→ COLLECTED DATA:
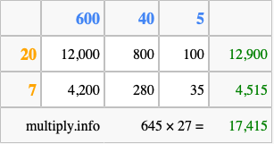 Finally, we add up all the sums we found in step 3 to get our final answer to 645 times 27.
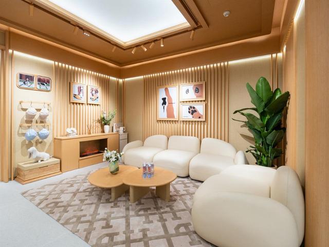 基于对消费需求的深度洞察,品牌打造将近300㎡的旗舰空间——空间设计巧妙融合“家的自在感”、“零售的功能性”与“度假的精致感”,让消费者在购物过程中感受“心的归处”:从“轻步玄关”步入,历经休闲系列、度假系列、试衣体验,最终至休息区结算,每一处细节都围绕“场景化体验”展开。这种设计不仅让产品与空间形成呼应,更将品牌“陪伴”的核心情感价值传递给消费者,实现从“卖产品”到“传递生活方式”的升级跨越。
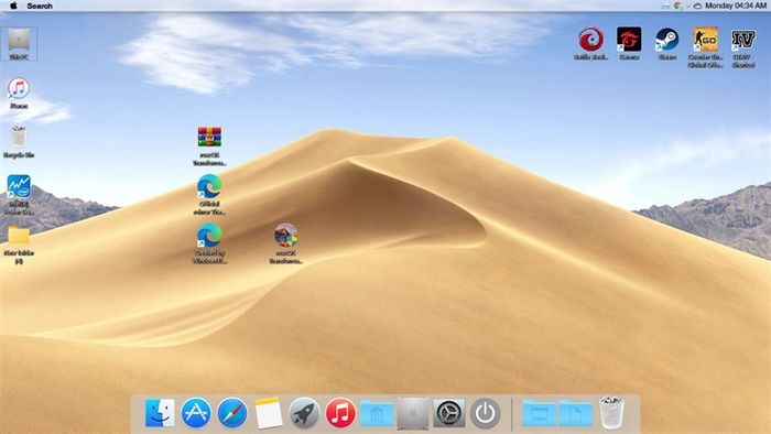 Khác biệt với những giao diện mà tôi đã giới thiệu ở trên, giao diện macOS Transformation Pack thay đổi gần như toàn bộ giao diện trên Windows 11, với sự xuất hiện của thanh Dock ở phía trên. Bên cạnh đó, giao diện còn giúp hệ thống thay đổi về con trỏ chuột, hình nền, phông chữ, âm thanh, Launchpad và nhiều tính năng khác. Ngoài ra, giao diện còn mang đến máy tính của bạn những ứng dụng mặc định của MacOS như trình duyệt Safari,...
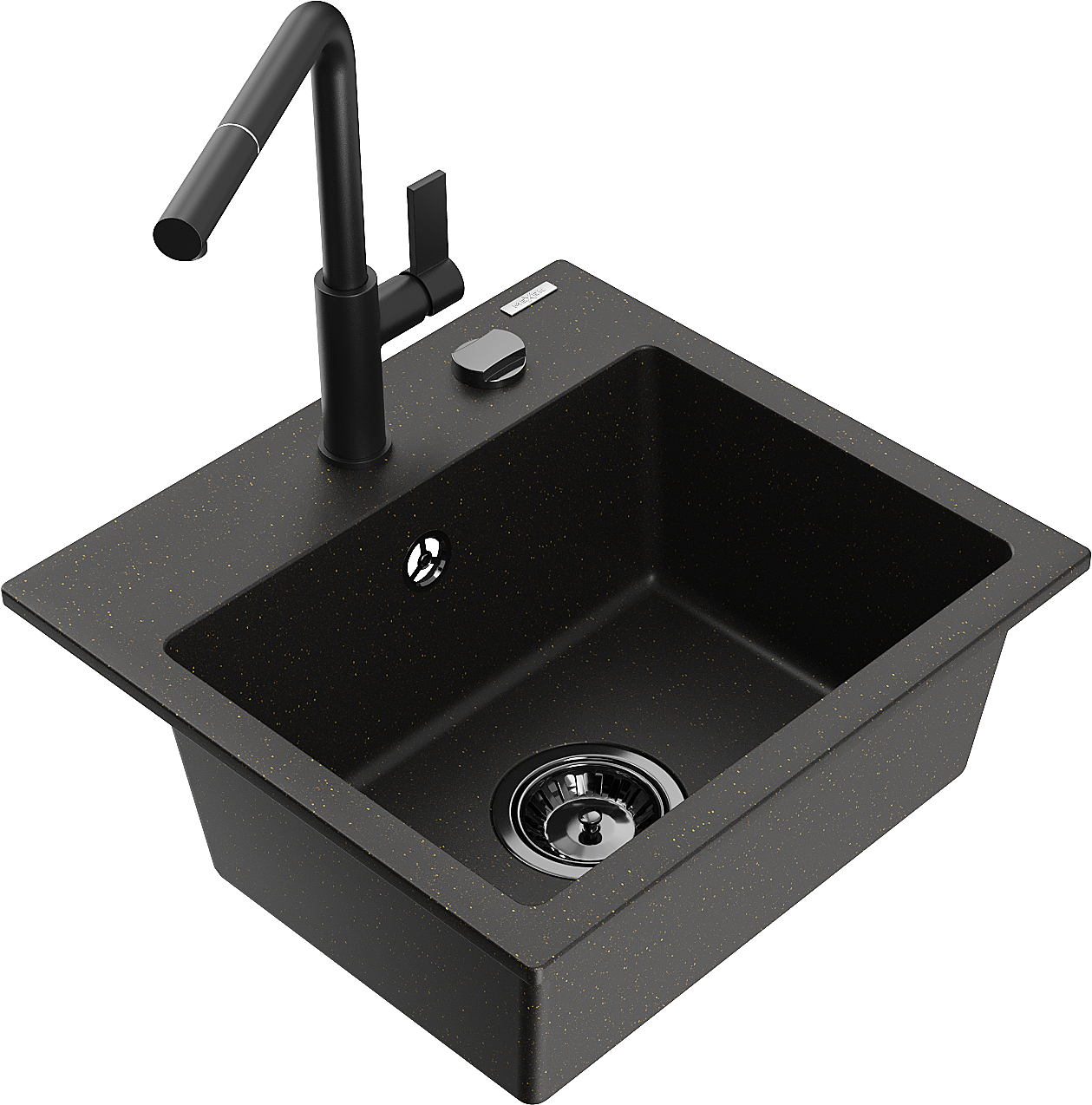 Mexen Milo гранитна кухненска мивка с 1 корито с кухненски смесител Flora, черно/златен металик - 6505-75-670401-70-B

→ WHAT TO DO: From the first line to the last, write out the data exactly, omitting any pictures.

→ RESULT OF THIS TASK:
 Finally, we add up all the sums we found in step 3 to get our final answer to 645 times 27.
 基于对消费需求的深度洞察,品牌打造将近300㎡的旗舰空间——空间设计巧妙融合“家的自在感”、“零售的功能性”与“度假的精致感”,让消费者在购物过程中感受“心的归处”:从“轻步玄关”步入,历经休闲系列、度假系列、试衣体验,最终至休息区结算,每一处细节都围绕“场景化体验”展开。这种设计不仅让产品与空间形成呼应,更将品牌“陪伴”的核心情感价值传递给消费者,实现从“卖产品”到“传递生活方式”的升级跨越。
 Khác biệt với những giao diện mà tôi đã giới thiệu ở trên, giao diện macOS Transformation Pack thay đổi gần như toàn bộ giao diện trên Windows 11, với sự xuất hiện của thanh Dock ở phía trên. Bên cạnh đó, giao diện còn giúp hệ thống thay đổi về con trỏ chuột, hình nền, phông chữ, âm thanh, Launchpad và nhiều tính năng khác. Ngoài ra, giao diện còn mang đến máy tính của bạn những ứng dụng mặc định của MacOS như trình duyệt Safari,...
 Mexen Milo гранитна кухненска мивка с 1 корито с кухненски смесител Flora, черно/златен металик - 6505-75-670401-70-B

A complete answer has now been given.